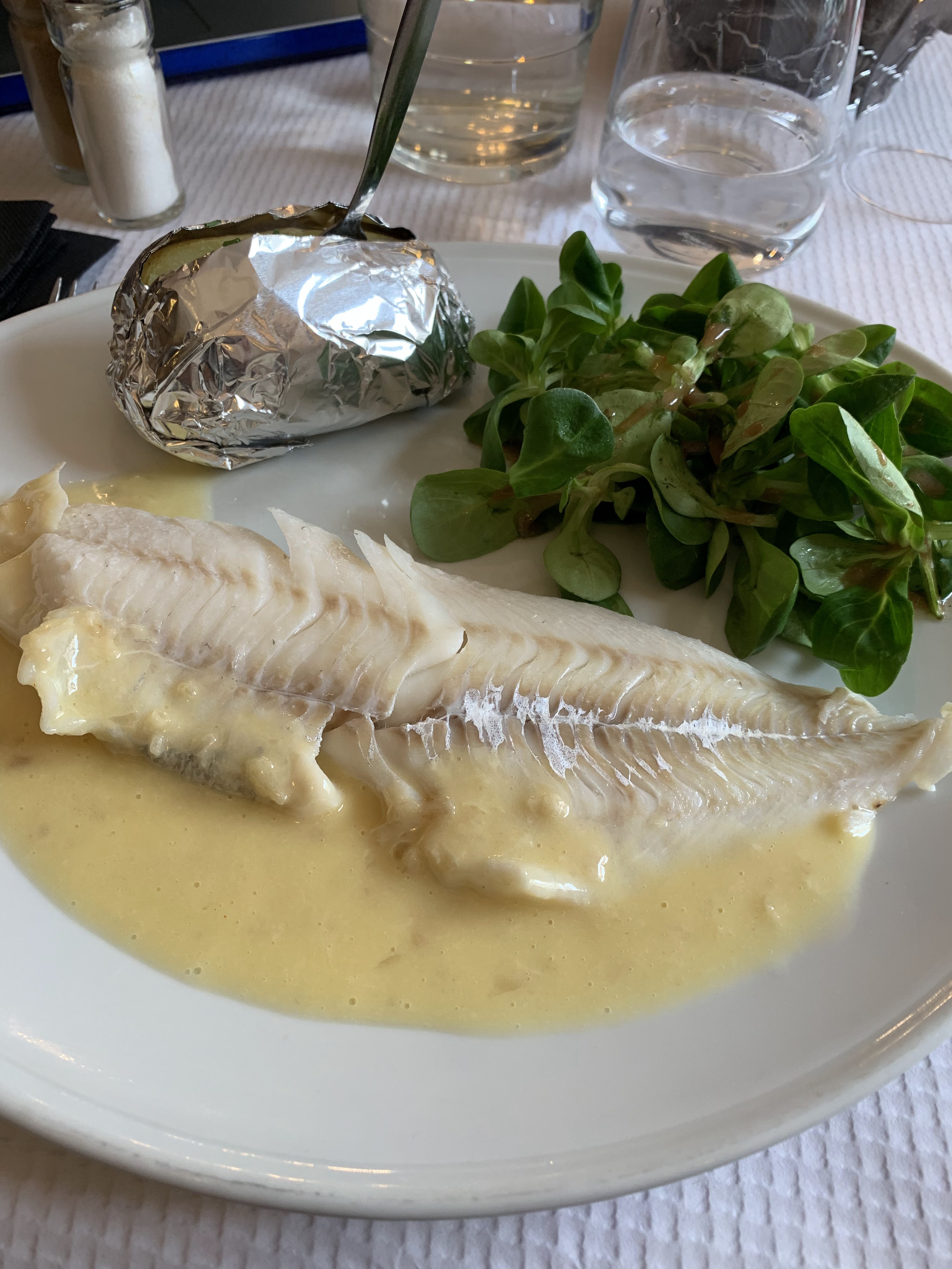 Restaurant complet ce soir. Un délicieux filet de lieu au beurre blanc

☆ ☆ ☆ ☆

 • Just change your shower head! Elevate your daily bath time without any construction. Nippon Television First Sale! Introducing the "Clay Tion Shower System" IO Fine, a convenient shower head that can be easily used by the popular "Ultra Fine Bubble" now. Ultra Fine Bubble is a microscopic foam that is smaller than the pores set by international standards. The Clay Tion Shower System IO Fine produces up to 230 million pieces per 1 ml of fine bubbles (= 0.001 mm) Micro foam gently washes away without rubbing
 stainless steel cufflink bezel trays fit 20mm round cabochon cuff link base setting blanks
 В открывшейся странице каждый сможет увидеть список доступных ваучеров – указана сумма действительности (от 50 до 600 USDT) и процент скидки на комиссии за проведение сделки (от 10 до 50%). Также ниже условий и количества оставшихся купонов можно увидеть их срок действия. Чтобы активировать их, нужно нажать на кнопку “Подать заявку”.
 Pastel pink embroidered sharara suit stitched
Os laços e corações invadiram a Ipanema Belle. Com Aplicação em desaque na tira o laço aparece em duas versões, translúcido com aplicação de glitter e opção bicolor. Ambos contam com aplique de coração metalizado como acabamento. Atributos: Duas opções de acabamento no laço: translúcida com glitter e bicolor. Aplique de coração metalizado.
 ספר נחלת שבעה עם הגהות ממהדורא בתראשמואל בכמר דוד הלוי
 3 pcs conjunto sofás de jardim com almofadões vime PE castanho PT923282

☆ ☆ ☆ ☆

-- TASK GOAL --
The lines to extract from the data above begin with the line containing "В открывшейся странице" and end with the line containing "Pastel pink embroidered". Extract them exactly, including both.

-- YOUR RESPONSE --
 В открывшейся странице каждый сможет увидеть список доступных ваучеров – указана сумма действительности (от 50 до 600 USDT) и процент скидки на комиссии за проведение сделки (от 10 до 50%). Также ниже условий и количества оставшихся купонов можно увидеть их срок действия. Чтобы активировать их, нужно нажать на кнопку “Подать заявку”.
 Pastel pink embroidered sharara suit stitched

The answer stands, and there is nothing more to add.